About This Course
Welcome to the self-paced version of Mining of Massive Datasets!
The course is based on the text Mining of Massive Datasets by Jure Leskovec, Anand Rajaraman, and Jeff Ullman, who by coincidence are also the instructors for the course. The book is published by Cambridge Univ. Press, but by arrangement with the publisher, you can download a free copy Here. The material in this on-ine course closely matches the content of the Stanford course CS246.
The major topics covered include: MapReduce systems and algorithms, Locality-sensitive hashing, Algorithms for data streams, PageRank and Web-link analysis, Frequent itemset analysis, Clustering, Computational advertising, Recommendation systems, Social-network graphs, Dimensionality reduction, and Machine-learning algorithms.
The course is intended for graduate students and advanced undergraduates in Computer Science. At a minimum, you should have had courses in Data structures, Algorithms, Database systems, Linear algebra, Multivariable calculus, and Statistics.

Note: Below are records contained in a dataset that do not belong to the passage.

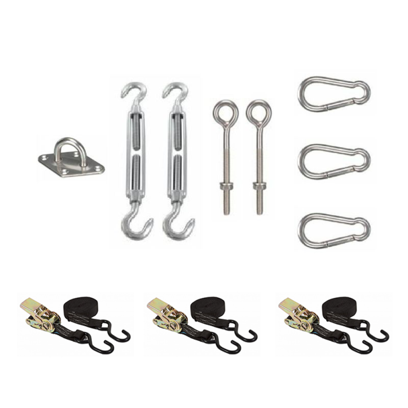 Om uw schaduwdoek zo perfect mogelijk op te hangen kunt u gebruik maken van onze bevestigingsmaterialen, waaronder de RVS plaat met oog. Dit zorgt voor een perfecte montage.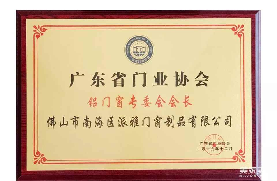 屡获殊荣 | 派雅门窗荣膺“广东省门业协会铝门窗专委会会长”和“领军企业”两项殊荣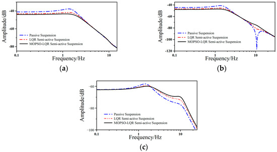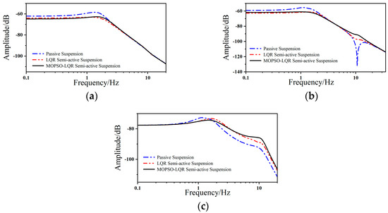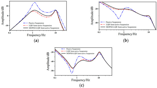 The operation under braking conditions is similar to that under steering conditions, and the response due to longitudinal inertial acceleration is mainly in the low-frequency band. As can be obtained from Figure 13, the body pitch angle, suspension deflection, and tire runout under the influence of longitudinal inertial acceleration, the response of MOPSO-LQR semi-active suspension is better than the response of passive suspension and LQR semi-active suspension at the low-frequency band. Figure 13b shows that, under braking conditions, the passive suspension also has a trapping effect on the suspension dynamic deflection response at 10 Hz, while the MOPSO-LQR semi-active suspension does not exhibit this phenomenon, and the improvement is higher than that of the LQR semi-active suspension.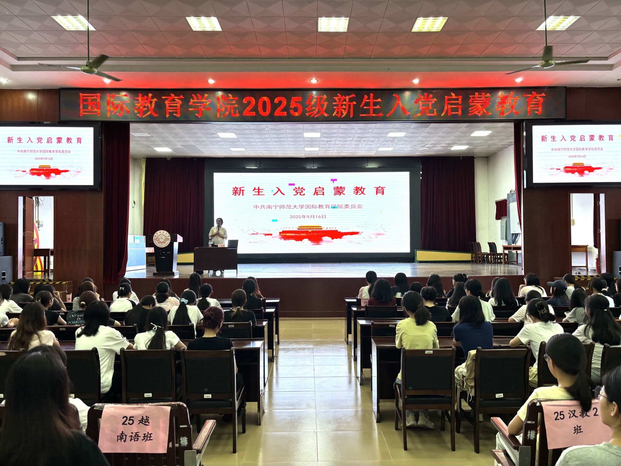 为加强新生思想引领,筑牢理想信念根基,进一步增进青年大学生对中国共产党的认识,9月16日下午,国际教育学院在明秀校区会堂举行2025级新生入党启蒙教育大会,学院党委书记旷晓霞主讲课程,2025级全体新生参加。会议由学院团委书记张焱主持。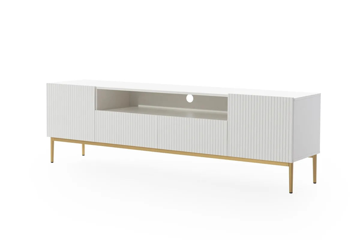 Szafka RTV Nicole wnęka biały mat frez złote nóżki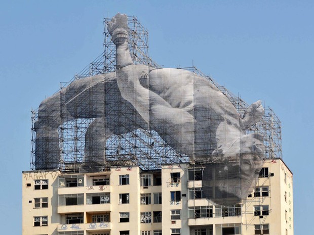 Reconhecido internacionalmente pela sua arte urbana, JR ainda não divulgou detalhes sobre a técnica utilizada na construção destas gigantescas instalações artísticas no Rio.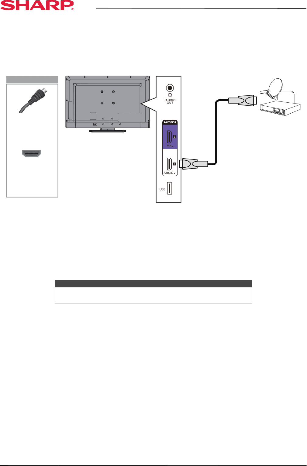 3 Connect an HDMI cable (not provided) to one of the HDMI jacks on the side of your TV and to the HDMI OUT
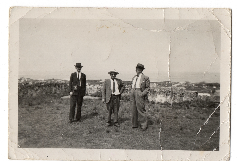 1. Léonard, o professor Cruz Costa e Lucien Febvre em Itanhaém (litoral de São Paulo). Setembro de 1949.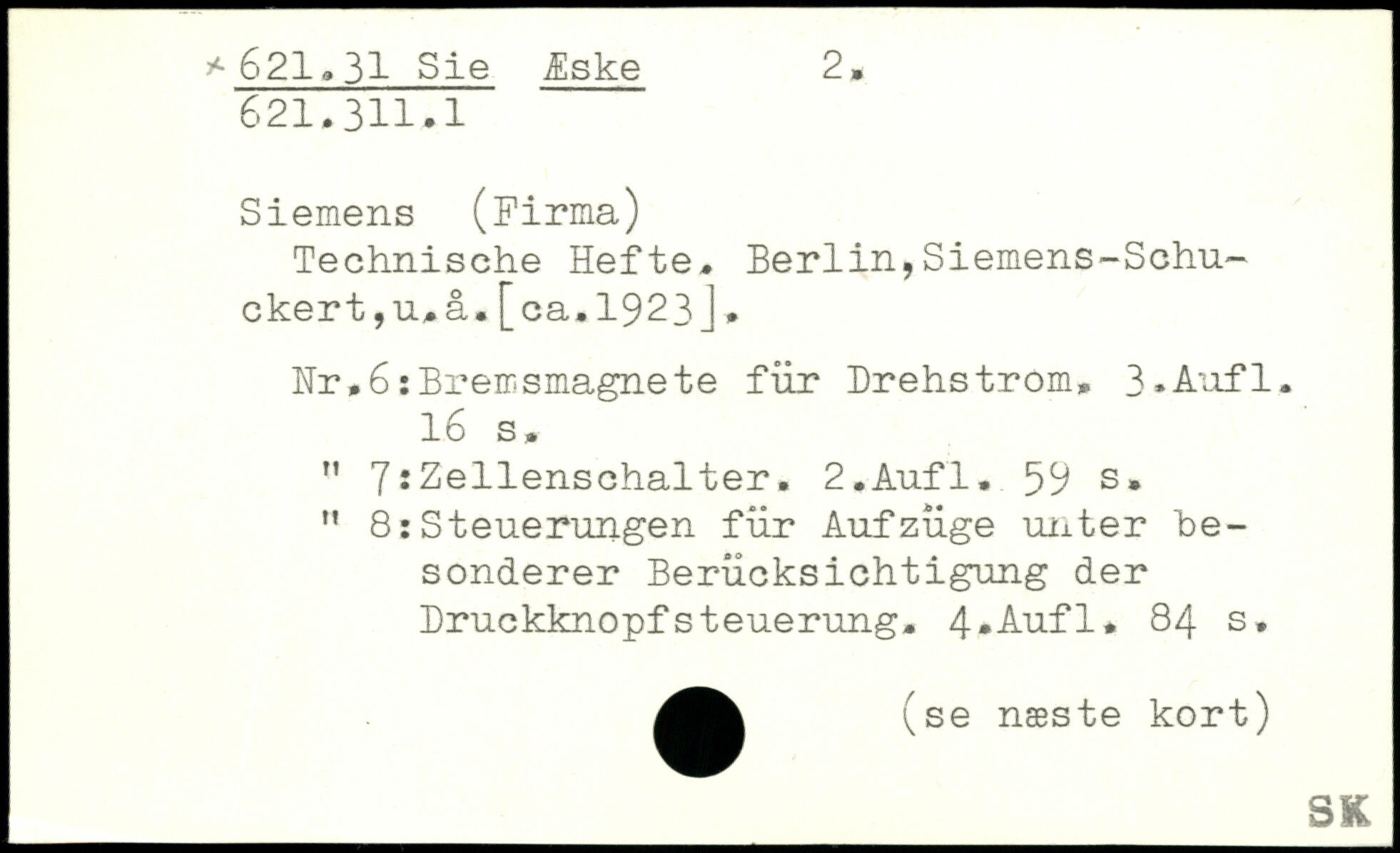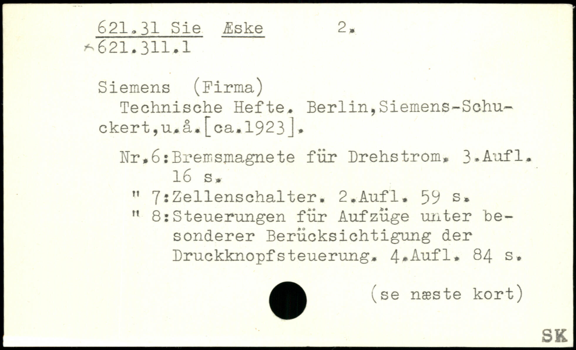 Technische Hefte. Berlin,Siemens-Schu-ckert,u, å.[ca.1923J. Nr,6:Bremsmagnete für Drehstrom.

Jure is an associate professor of computer science at Stanford. His research area is mining of large social and information networks. He is the author of the Stanford Network Analysis Platform, a general-purpose network analysis and graph mining library. For more information, see his Home Page.
Anand is a serial entrepreneur, venture capitalist, and academic, based in Silicon Valley. He founded two successful startups, Junglee (acquired by Amazon) and Kosmix (acquired by Walmart). At Amazon, he was co-inventor of Mechanical Turk. Currently, he is a founding partner of Milliways Labs, an early-stage venture-capital firm. For more information, see his Blog, called "Datawocky".
Jeffrey D. Ullman
Jeff Ullman is a retired professor of Computer Science at Stanford. His Home Page offers additional information about the instructor.